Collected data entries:
------------------------------------------------

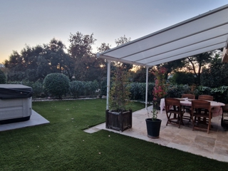 En rez-de-jardin, le premier appartement offre une vaste pièce de vie climatisée ouverte sur la terrasse et le jardin, une cuisine aménagée avec verrière, une chambre avec fenêtre, une salle d’eau et deux pièces sans ouverture extérieure. Le jardin privatif est agrémenté d’un jacuzzi, d’un barbecue et de deux cabanons.
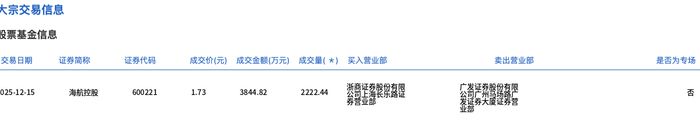 12月15日,海航控股大宗交易成交2222.44万股,成交额3844.82万元,占当日总成交额的5.16%,成交价1.73元,较市场收盘价1.75元折价1.14%。
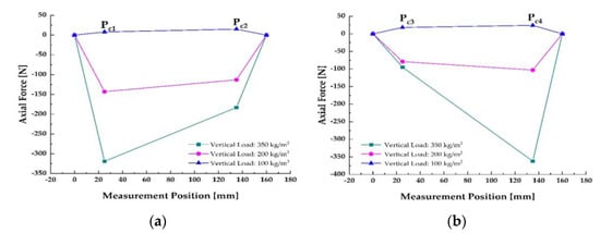 With roof loads of 100 kg/m2 and 200 kg/m2, the axial forces of the left and right Cha Shou are depicted in Figure 15a,b, respectively. The number of iron blocks used is sufficient to guarantee a balance between the left and right quantities when they are placed. The axial forces of the left and right Cha Shou are different under a vertical load of 350 kg/m2. This is due to an imbalance in the 770 iron blocks’ manual placement, which causes the axial forces of the left and right Cha Shou to differ.
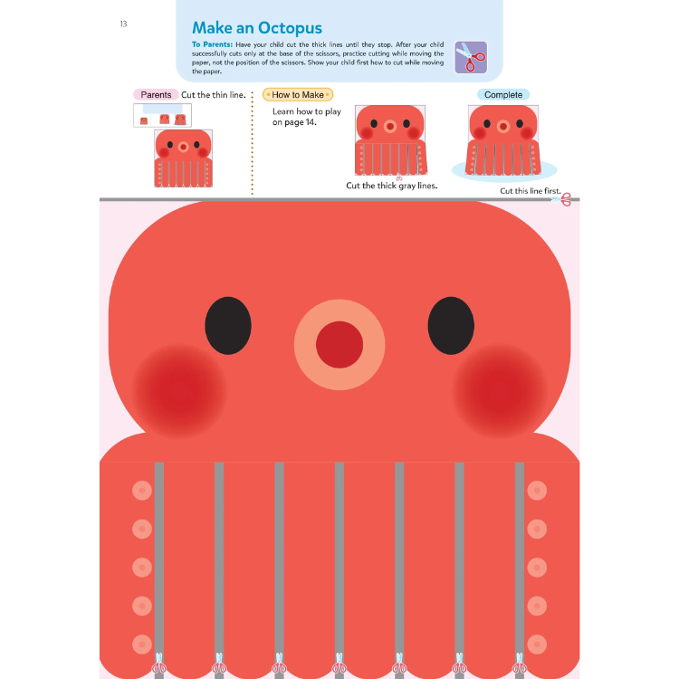Play Smart Cutting and Pasting 3+ is a book designed for children aged 3 and up, focusing on developing cutting, pasting, and fine motor skills. The book includes various engaging games and challenges such as cutting lines and shapes, labeling, using stickers, solving mazes, and counting. These activities are designed to help children get familiar with scissor skills and strengthen their fine motor abilities, thereby making them more confident and independent as they prepare for kindergarten.
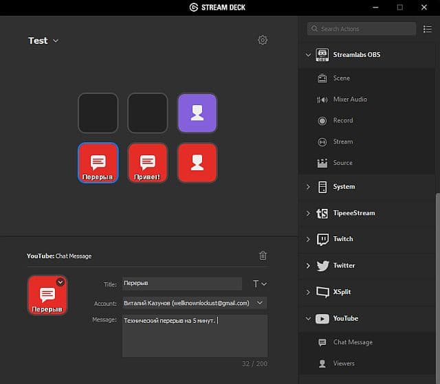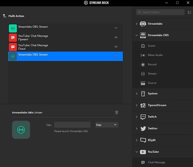 Что касается трансляций, то тут Stream Deck Mini показывает себя во всей красе, поскольку в ПО есть предустановленные настройки для работы с популярными стриминговыми программами (OBS Studio, Streamlabs, TipeeStream, XSplit), сервисами (Twitch, YouTube и даже Mixer), есть доступ к Twitter.

------------------------------------------------

WHAT YOU NEED TO DO: After dropping the pictures, reproduce exactly the lines from the first line of the entries through the line containing "With roof loads", both included.

RESPONSE TO THIS EXERCISE:
 En rez-de-jardin, le premier appartement offre une vaste pièce de vie climatisée ouverte sur la terrasse et le jardin, une cuisine aménagée avec verrière, une chambre avec fenêtre, une salle d’eau et deux pièces sans ouverture extérieure. Le jardin privatif est agrémenté d’un jacuzzi, d’un barbecue et de deux cabanons.
 12月15日,海航控股大宗交易成交2222.44万股,成交额3844.82万元,占当日总成交额的5.16%,成交价1.73元,较市场收盘价1.75元折价1.14%。
 With roof loads of 100 kg/m2 and 200 kg/m2, the axial forces of the left and right Cha Shou are depicted in Figure 15a,b, respectively. The number of iron blocks used is sufficient to guarantee a balance between the left and right quantities when they are placed. The axial forces of the left and right Cha Shou are different under a vertical load of 350 kg/m2. This is due to an imbalance in the 770 iron blocks’ manual placement, which causes the axial forces of the left and right Cha Shou to differ.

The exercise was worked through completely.